Considering exchange rate and inflation assumptions, the natural gas price is 22.60 EUR2021/MWh. This price is set in the scenario for the years 2030 to 2040. It corresponds almost exactly to the level assumed by the World Energy Outlook 2022 for the price of natural gas in Europe for 2030.
In the long-term, hydrogen will replace fossil natural gas in its end uses. It will either be imported or produced from electricity by means of electrolysis. We assume that such green hydrogen will be traded on the world market and undercut the “clean gas price” from 2040 at the latest.
The “clean gas price” consists of the price for natural gas plus the EUA price multiplied by the natural gas emission factor of 0.2 tCO2/MWhth. This increases the price pressure on natural gas after 2040, and a successive displacement of natural gas takes place.
The resulting commodity price paths are shown in Figure 3. Compared to today’s level, in this scenario the prices for gas and hard coal decrease continuously until 2030. Until 2060, the coal price then remains at a nearly constant level, while the gas price decreases steadily after 2040. The CO2 price rises to just under EUR 180/tCO2 in 2060.
What will the European power plant fleet of the future look like?
Fossil generation capacities have dominated the power plant fleet in Europe. In many cases, the power plants currently in the market have already reached an advanced age: they will have to be decommissioned or replaced by 2050. The only exceptions are power plants already under construction.
At the same time, the results of European climate policy also affect the development of the European power plant fleet. Meanwhile, almost all EU states have decided to phase out coal to limit the negative effects of high CO2 emissions. Well-known and proven technologies are available for the future: gas-fired power plants, renewable energies and, in some markets, nuclear power plants.
Wind power and photovoltaics in particular continue to have great growth potential. These technologies are competitive today thanks to the sharp drop in costs. This is also evident in the rising number of PPA-based projects, especially for solar plants. However, due to the growing cannibalisation effect between plants, this trend is coming under increasing pressure.
In the Central scenario, the share of these “variable renewable energy sources” (vRES) increases to approximately 76 percent of total supply by 2050 (see Figure 4). Consequently, their often-simultaneous electricity generation is lowering the hourly electricity price more frequently and to a higher degree.
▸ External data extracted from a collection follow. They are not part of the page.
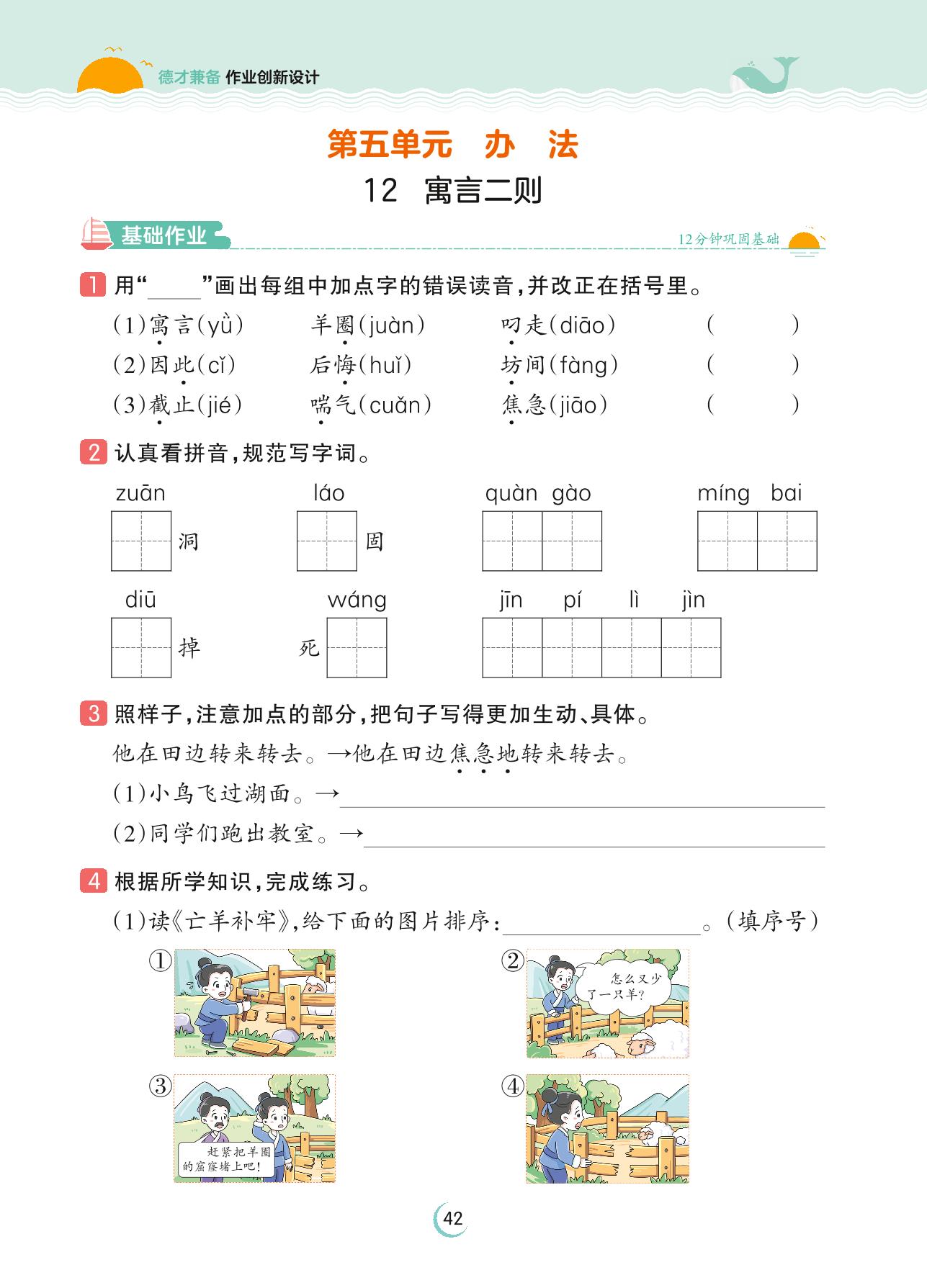 2023下册二年级语文人教版 第五单元 办法——12 寓言二则
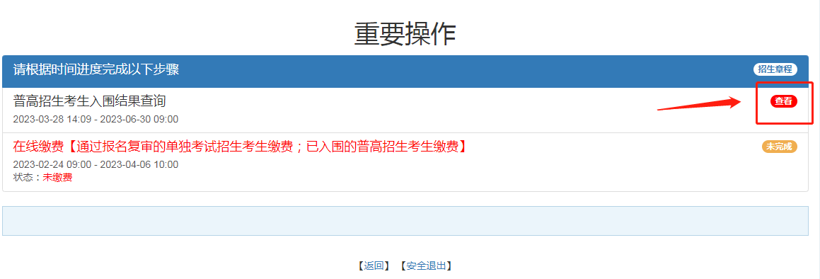 2、普高招生考生入围结果查询栏点击查看是否入围(结果栏显示为:“已入围”或“未入围”)
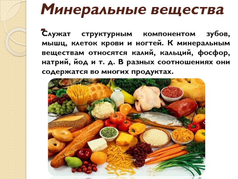 К минеральным веществам относятся калий, кальций, фосфор, натрий, йод и т. д. В разных соотношениях они содержатся во многих продуктах.
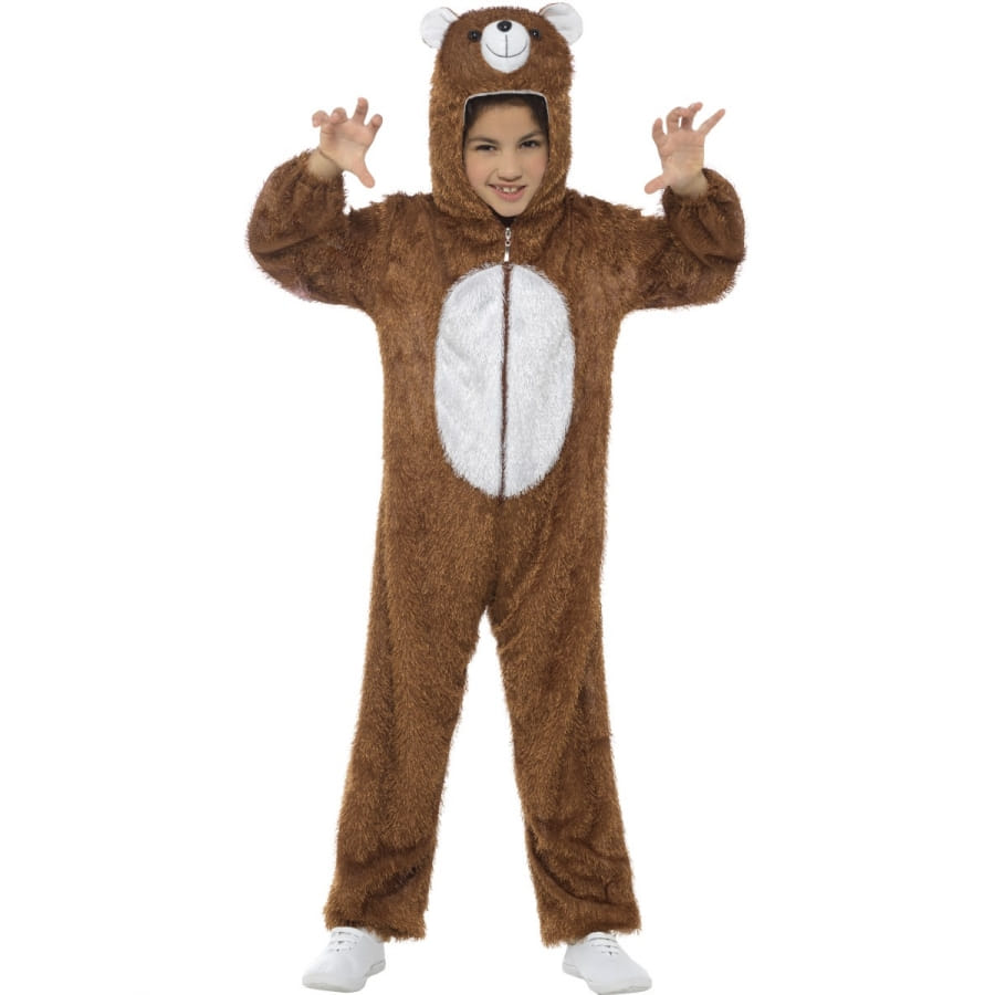 Déguisement d'ours, pour enfant, composé d'une combinaison brune avec ventre blanc ainsi que d'une tête d'ours assortie. Ce déguisement donnera à votre gamin un air d'ours calineux.
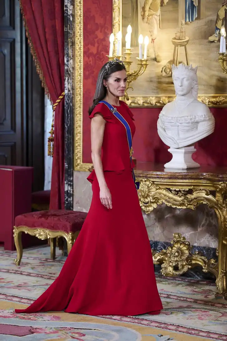 Koningin Letizia mocht deze week eveneens uitpakken met een avondjurk en juwelen. In het Koninklijk Paleis in Madrid prikte ze een vorkje met de president van Colombia en zijn vrouw. Haar rode jurk met schootje en vergelijkbare volants bij de mouwen is nieuw en werd bekroond door een diamanten bloemdiadeem.
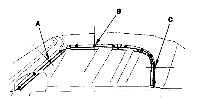 - Check the A-pillar-header weatherstrip, roof weatherstrips and B-pillar weatherstrip for damage or deterioration, and replace them if necessary.
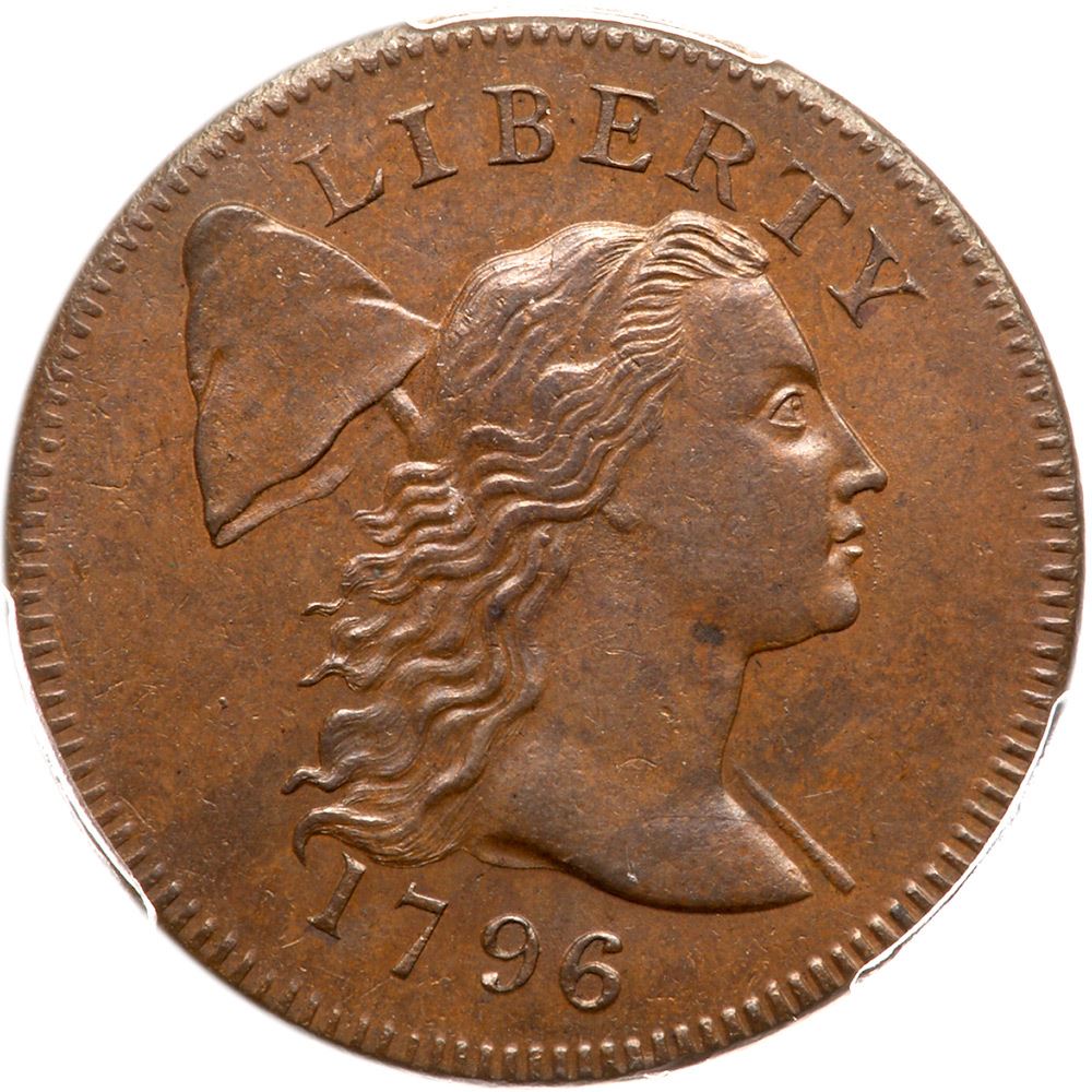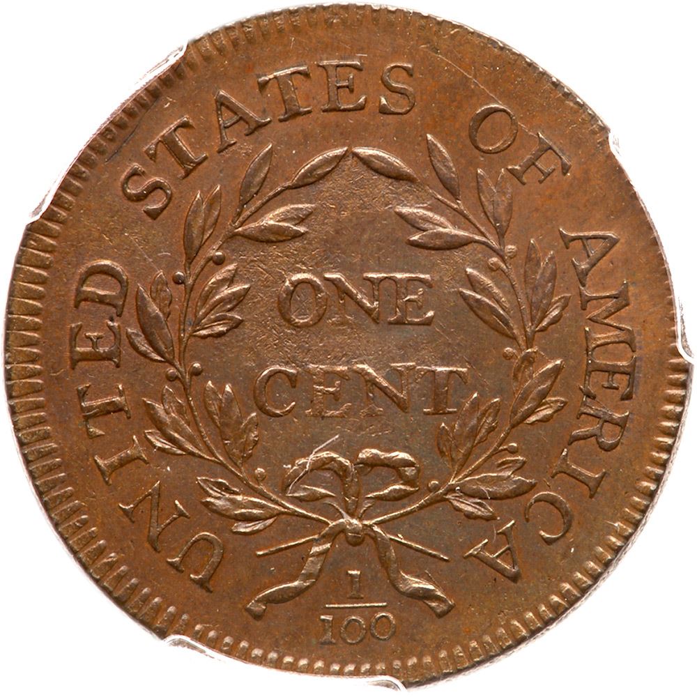 1796 S-84 R3 Liberty Cap PCGS graded MS62 Brown. Very attractive medium steel brown and light chocolate with a hint of light olive on the reverse. Traces of very faded mint red can be found in protected areas on the reverse. Nearly flawless with superior eye appeal. The only marks are a faint spot of slightly darker toning on the throat, some very shallow low spots caused by debris on the die inside the wreath, and a pre-striking hairline scratch in the planchet over ST in STATES. MDS, Breen state II. There is a very fine die crack arcing across the bust and a slightly stronger crack through the top of OF to the dentils over the adjacent ES. Graded MS60 net AU55 and tied for CC#5 in the Noyes census, his photo #29240. Bland says AU55 and tied for CC#7. Our grade is AU58. A beautiful Liberty Cap cent that comes with a great provenance. The attribution is noted on the PCGS Secure label. PCGS population 1; 2 finer in 64. PCGS #35759. Estimated Value 20,000 - UP

All renewable technologies together account for 85 percent of the power plant fleet.
In terms of dispatchable fossil generation capacities, gas-fired power plants will be the main additions at the European level in the future. They have lower emissions than coal-fired power plants. The latter will continue to lose importance even with CCUS. However, it remains to be seen whether the planned import ban on Russian pipeline gas by 2027 at the latest and the procurement of more expensive LNG gas will lead to a lower addition of gas capacities, at least temporarily.
At the same time, modern “H2-ready” gas turbine power plants can also burn hydrogen and other synthetic fuels instead of fossil natural gas. As a result, gas turbines and combined cycle power plants will no longer be considered fossil-fuel powered generators in the long term, but will be counted among the “emission-free” power plants, at least in part.
With natural gas, the share of zero-emission generation increases to 94 percent in 2050 and 99 percent in 2060. It is therefore assumed that gas-fired power plants will remain an important technology for electricity generation in the long term.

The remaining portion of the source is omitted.